You can’t win at a game when you don’t know what game is being played. Knowledge and insight alone can’t help you win an argument. If you’re having to think on things then you’ve already lost. Most of the time, specially in the social setting, nobody is listening to the content of what you’re saying and you shouldn’t be listening to it either. Nor should you be putting any effort into delivering any depth because that doesn’t help your situation at all. People don’t listen to what you’re actually saying because they know that will only slow them down. They are more aware of the intent of the message than its content, which is what they respond to. Their incentive is to respond to your intent with disagreement, trying to understand what you’re saying is less important. They filter the depth and nuance out of the message because it is something they know is mostly irrelevant to the preparation of their rebuttal. Note that the preparation of a rebuttal is priority. To prepare a comeback, they focus on the intent of your argument, they feel they need to disagree with you and somehow translate that into speech to produce what appears like a valid rebuttal to your assertion. They will respond with corrective measures to mute the details and steer the argument back to a place from where they can comfortably resume their tried and tested ways to bring you into their frame where they can exert more control over the dynamics of the encounter. They will scramble to get you to agree to a certain surface level assertion and then immediately double down on you exactly the way they’ve done with the ten other people who argued with them on the same topic from before.

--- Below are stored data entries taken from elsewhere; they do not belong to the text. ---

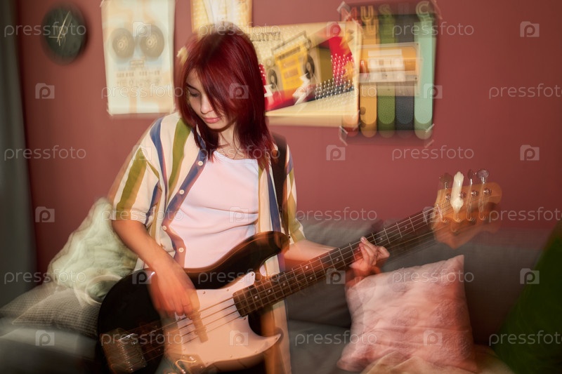 Играя на электрическом бас-гитаре в уютной гостиной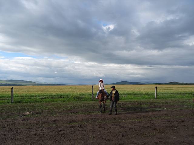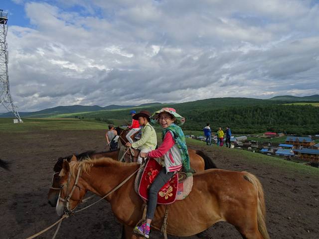 赶往临江的路上,我们一直在企盼天晴,想去南山看日落,谁知天公不作美,到日落时分下起大雨,计划泡汤。好在在天黑前天又放晴了,活动走起。先去北山骑慢马,这是大家起的名,说这边马不跑只爬山,就叫慢马了,其实对像我这种第一次骑马的人来说也很刺激了。爬个小山,每人50,老板娘人不错,还送了免费挤牛奶,当然,这也是史师傅交涉的成果。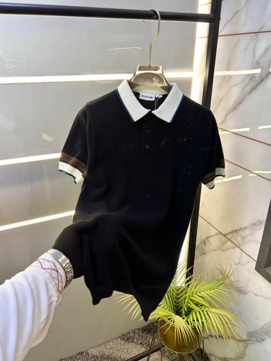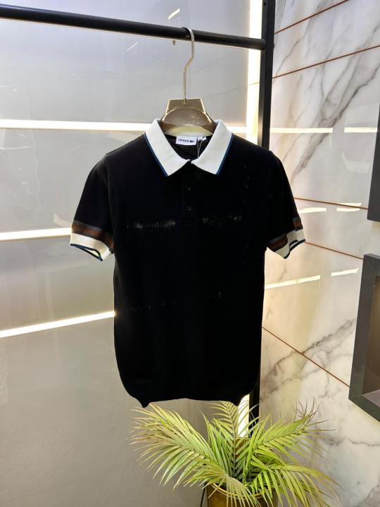 Lacost e Imported Black Premium Collar Neck Polo T-shirt F3524-BL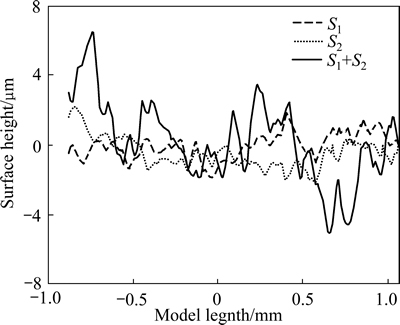 此外,织构之间剪切趋势的差异也会对表面质量产生影响。将不同织构进行组合然后模拟分析,其结果如图10所示。由于沿着RD拉伸会减弱剪切趋势的影响[5],为了更好地分析剪切趋势与表面质量的关系,图10的分析都是在单向拉伸下沿着TD方向进行的。图10所示为对单一的S1和S2织构以及S1和S2的混合织构拉伸后的位移云图。图11所示为3种织构组合变形后的表面轮廓图。图12所示为3种模型所得粗糙度随应变的变化曲线。

If it worked ninety percent of the time, the odds are usually in their favour if they hit you with the same line of attack which they’ve rehearsed with practice. Nobody’s thinking, except you. And that slows you down.

Don’t think.

Avoid being cornered into a spot where you have to stop to think because that is always seen as a sign of weakness that signals defeat. At least when it comes to dinner table politics, current events or social issues, most of the time, people aren’t talking to you out of curiosity, they’re only talking to you to establish their social position and they expect you to be doing the same. You can be in it to explore and understand while the person you’re talking to might not, which is often reason enough to not proceed with the argument in the first place. More often than not, the people who say they want to be disagreed with, probably aren’t genuinely curious or inquisitive, they’re just there to flex their muscle, hoping to leave the exchange with a stronger grasp over their side of the argument. That’s all they’re looking for out of it. They want you to disagree with them, not out of any sense of genuine curiosity, but for sport. Nobody really cares that much about your take on things, or even for that matter, their own. They care more deeply about defending and reinforcing their social position. Because that’s just all you have to do if you want to belong, save face, make a display of your confidence and demand respect. It’s called the Art of Being Right.